Я говорил вам также, что сформировавшиеся в XVIII в. новая система, новые правительственные интересы, система умеренного правления или система наименьших государственных интересов предполагали нечто совсем иное. С одной стороны — ограничение, а с другой — внутреннее ограничение. Ограничение внутреннее не подразумевало, впрочем, что это ограничение природы, совершенно отличное от права. Несмотря ни на что, это именно ограничение, и ограничение всегда юридическое; проблема как раз и заключается в том, чтобы знать, как в режиме новых правительственных интересов, этих самоограничивающихся интересов, можно сформулировать это ограничение в правовых терминах. Как видите, проблема иная, потому что, с одной стороны, в системе прежних государственных интересов перед нами было руководство в тенденции неограниченное, а с другой — противостоявшая ей система права, противостоявшая, впрочем, в конкретных политических границах, что надо понимать так: [с одной стороны] — королевская власть, с другой — приверженцы судебных институций. Итак, мы имеем дело с иной проблемой: руководству нужно самоограничиться, но как сформулировать это самоограничение в праве без того, однако, чтобы правление оказалось парализовано, и без того, чтобы оно было задушено — и это большая проблема — и сохранило свое имя место истины, первейшим примером которого был рынок? В простых терминах проблема, которая ставится с конца XVIII в., такова: если существует политическая экономия, подлежит ли она публичному праву? Или: какие основания можно найти для права, артикулирующего отправление государственной власти, когда существует по меньшей мере одна область (а есть, конечно, и другие), где бездеятельность правления совершенно необходима не по соображениям права, но по соображениям фактическим или, скорее, по соображениям истины?
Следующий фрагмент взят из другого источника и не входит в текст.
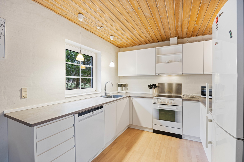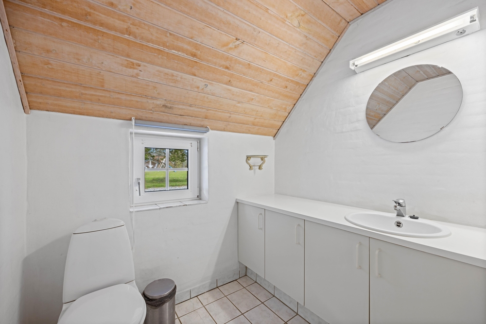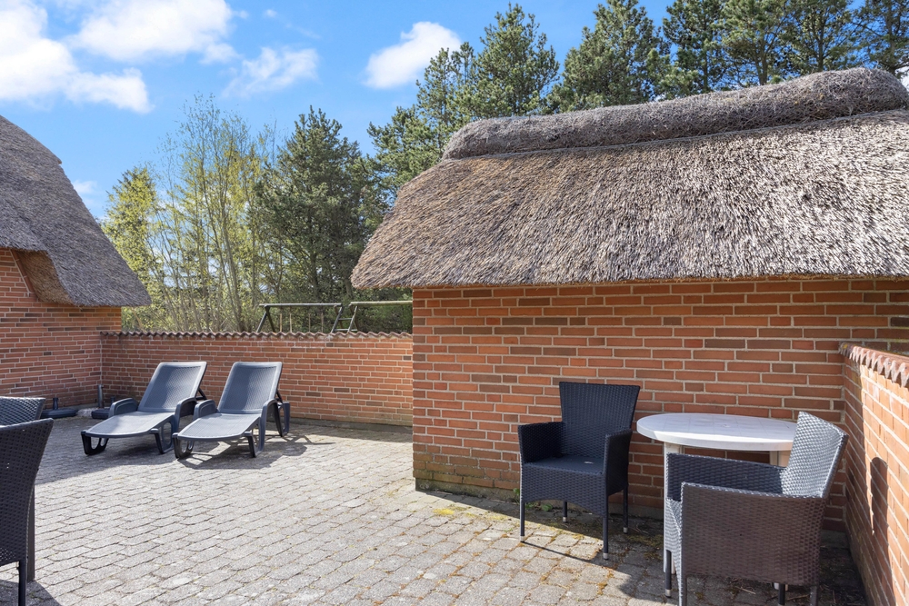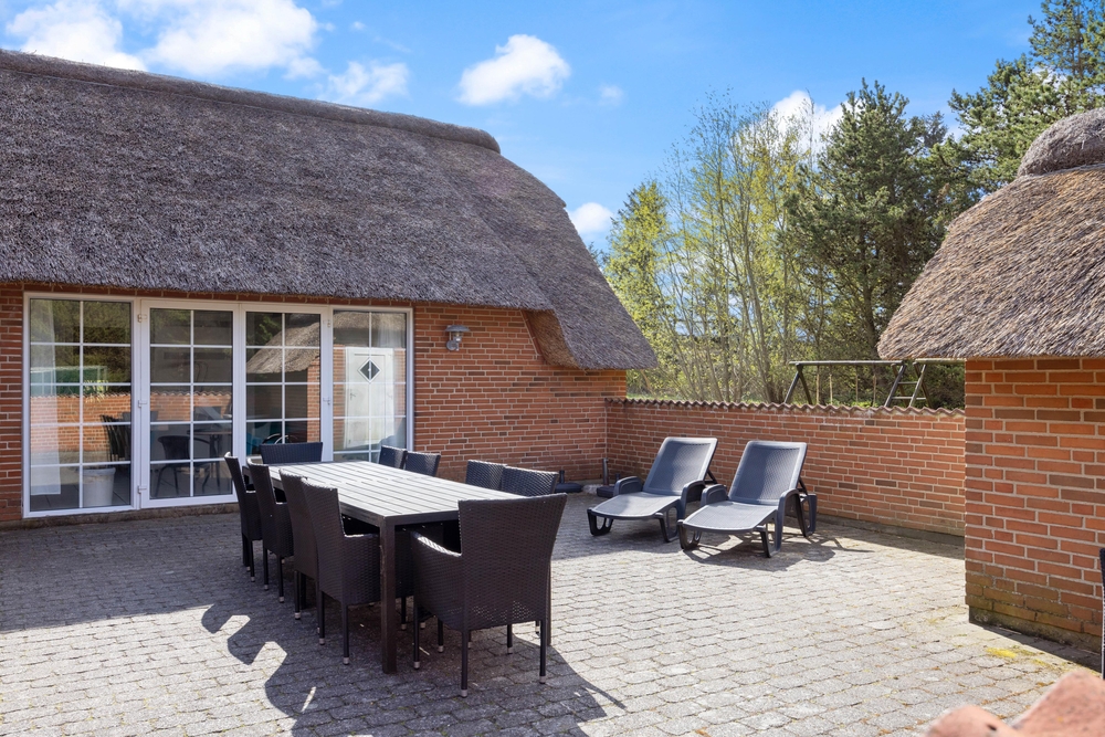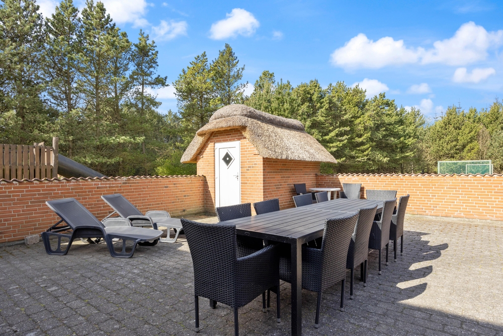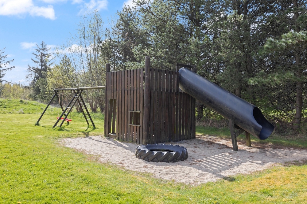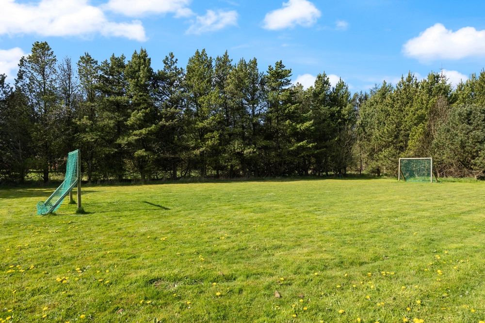 Til huset er der er super lækker terrasse med afskærmning, som giver god mulighed for solbadning og hygge omkring grillen om aftenen. Her kan I også nyde en drinks i solen, imens i dømmer børnenes fodboldkamp, eller ser de små gynge og klatre i legetårnet. Der er også en nedgravet trampolin, så gymnasten kan folde sig ud og øve sine spring. Den store grund giver i hvert fald rig mulighed, for at aktiverer både store og små ved sommerhuset.

Как власть, как правление, ограниченное соблюдением истины, может сформулировать это соблюдение истины в терминах закона о соблюдении?[22]То, что факультеты права во Франции долго, до самого недавнего времени, оставались также факультетами политической экономии, к великому неудовольствию экономистов и юристов, — [это] лишь следствие (с точки зрения истории), конечно же, неправомерное, того основополагающего изначального факта, что нельзя было помыслить политическую экономию, то есть свободу рынка, не поставив в то же время проблемы публичного права, а именно ограничения государственной власти.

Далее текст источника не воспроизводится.